Solar Panel Output Prediction with Ridge & Lasso Mixed Regression in ML

FREE Online Courses: Your Passport to Excellence - Start Now

Utility‑scale PV farms must commit day‑ahead energy schedules to the grid operator. Over‑prediction triggers costly imbalance penalties, while under‑prediction squanders market revenue. Pure Ridge regression copes well with collinear weather inputs (irradiance, temperature, wind), but it keeps every noisy feature; pure Lasso produces sparsity yet can over‑shrink under cloud‑cover multicollinearity.

An Elastic Net—which mixes the ℓ² (Ridge) and ℓ¹ (Lasso) penalties—offers the best trade‑off, yielding a parsimonious yet stable model. We will:

  • Forecast 15‑minute DC power (kW) for each inverter string one hour ahead, using weather sensor data (irradiance, ambient T, module T, wind speed, etc.) and time signals.
  • Identify the handful of predictors that truly drive output while keeping the model robust to correlated sunlight metrics.

Libraries Required

Role Library
Data & dates pandas, numpy, datetime
Visuals matplotlib, seaborn
ML workflow scikit‑learnColumnTransformer, StandardScaler, OneHotEncoder, ElasticNet, GridSearchCV, Pipeline, train_test_split
Metrics mean_squared_error, r2_score

Dataset Link

Solar Power Generation Data

Step-by-Step Code Implementation

1. Import Libraries

import pandas as pd
import numpy as np
import matplotlib.pyplot as plt
import seaborn as sns
from datetime import timedelta

from sklearn.compose import ColumnTransformer
from sklearn.preprocessing import StandardScaler, OneHotEncoder
from sklearn.model_selection import train_test_split, GridSearchCV
from sklearn.pipeline import Pipeline
from sklearn.linear_model import ElasticNet
from sklearn.metrics import mean_squared_error, r2_score

2. Download & load dataset

Dataset — two Indian PV plants with 34 days of 15‑min SCADA & meteorology (irradiance, module & ambient temperature, wind).
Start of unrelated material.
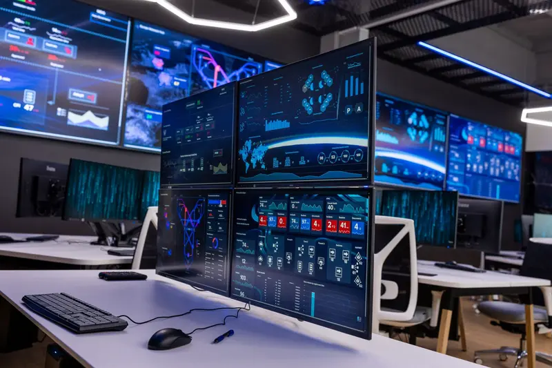 Laboratorium dysponuje 24 w pełni wyposażonymi stanowiskami dla studentów (młodszych analityków SOC). Dodatkowo wyposażone jest w potężny Video Wall złożony z 4 ekranów o przekątnej 115 cali każdy, co daje wrażenie przebywania w centrum kontroli misji kosmicznych. Dlaczego to ważne? To nie dekoracja. To serce SOC, na którym wyświetlany jest "Common Operational Picture" – mapa cyberzagrożeń w czasie rzeczywistym, widoczna dla całego zespołu. Tego nie ma żadna inna uczelnia w Polsce.
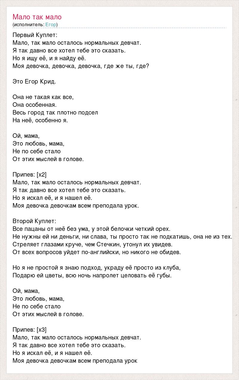 Первый Куплет: Мало, так мало осталось нормальных девчат. Я так давно все хотел тебе это сказать. Но я ищу её, и я найду её. Моя девочка, девочка, девочка, где же ты, где? Это Егор Крид. Она не такая как все, Она особенная. Весь город так плотно подсел На неё, особенно я. Ой, мама, Это любовь, мама, Не по себе стало От этих мыслей в голове. Припев: [х2] Мало, так мало осталось нормальных девчат. Я так давно все хотел тебе это сказать. Но я искал её, и я нашел её. Моя девочка девочкам всем преподала урок. Второй Куплет: Все пацаны от неё без ума, у этой белочки четкий орех. Не нужны ей ни деньги, ни слава, ты просто так не подкатишь, она не из тех. Стреляет глазами круче, чем Стечкин, утонул их увидев. От всех вопросов уйдет по-английски, но никого не обидев. Но я не простой я знаю подход, украду её просто из клуба, Подарю ей цветы, всю ночь напролет целовать её губы. Ой, мама, Это любовь, мама, Не по себе стало От этих мыслей в голове. Припев: [х3] Мало, так мало осталось нормальных девчат. Я так давно все хотел тебе это сказать. Но я искал её, и я нашел её. Моя девочка девочкам всем преподала урок

We used Plant 1 for brevity.

# One‑time terminal command (needs Kaggle API key):
# kaggle datasets download -d anikannal/solar-power-generation-data -p data --unzip

# Plant 1 generation & weather (only one plant used for demo)
gen  = pd.read_csv("data/Plant_1_Generation_Data.csv")
wthr = pd.read_csv("data/Plant_1_Weather_Sensor_Data.csv")

3. Merge & resample to 15‑min resolution

gen['DATE_TIME']  = pd.to_datetime(gen['DATE_TIME'])
wthr['DATE_TIME'] = pd.to_datetime(wthr['DATE_TIME'])

# Aggregate inverter strings to plant‑level DC power (kW)
dc_kw = gen.groupby('DATE_TIME')['DC_POWER'].sum().div(1000)   # W → kW
wthr   = wthr.set_index('DATE_TIME').resample('15T').mean()

data = pd.concat([dc_kw, wthr], axis=1).dropna()
data = data.rename(columns={'DC_POWER': 'Total_DC_kW'})

4. Create “one‑hour‑ahead” supervised pairs

Supervised framing — for every 15-minute record, we predict plant DC power one hour later; a four‑step shift creates the target.

# Shift target 4 × 15 min steps = 60 min
data['Target_kW'] = data['Total_DC_kW'].shift(-4)
data = data.dropna(subset=['Target_kW'])

5. Feature engineering

Irradiance dominates, but module temperature, ambient T, wind speed (cooling), and time‑of‑day signals improve shading & low‑sun‑angle periods.

data['Hour']  = data.index.hour
data['Month'] = data.index.month
num_cols = ['IRRADIATION', 'AMBIENT_TEMPERATURE', 'MODULE_TEMPERATURE',
            'WindSpeed', 'Hour', 'Month']
X = data[num_cols]
y = data['Target_kW']

6. Pre‑processing & Elastic Net pipeline

Pipeline — scaling + model executed inside a single Pipeline eliminates leakage when CV splits the time‑ordered data.

preprocess = ColumnTransformer([
        ('num', StandardScaler(), num_cols)
])

pipe = Pipeline([
    ('prep', preprocess),
    ('enet', ElasticNet(max_iter=20000, random_state=42))
])

7. Train/test split & hyper‑parameter search

  • alpha controls overall penalty strength (higher → more shrinkage).
  • l1_ratio tilts the penalty toward Lasso (1.0) or Ridge (0.0).
  • Five‑fold CV chooses the best pair to minimise RMSE.
X_train, X_test, y_train, y_test = train_test_split(
        X, y, test_size=0.2, random_state=42, shuffle=False)   # keep temporal order

param_grid = {
    'enet__alpha':     np.logspace(-2, 1, 15),   # 0.01 → 10
    'enet__l1_ratio':  np.linspace(0.1, 0.9, 9)  # 0.1≈Ridge‑heavy, 0.9≈Lasso‑heavy
}

search = GridSearchCV(pipe, param_grid,
                      cv=5,
                      scoring='neg_root_mean_squared_error',
                      n_jobs=-1, verbose=1)
search.fit(X_train, y_train)

print("Best α:", search.best_params_['enet__alpha'])
print("Best l1_ratio:", search.best_params_['enet__l1_ratio'])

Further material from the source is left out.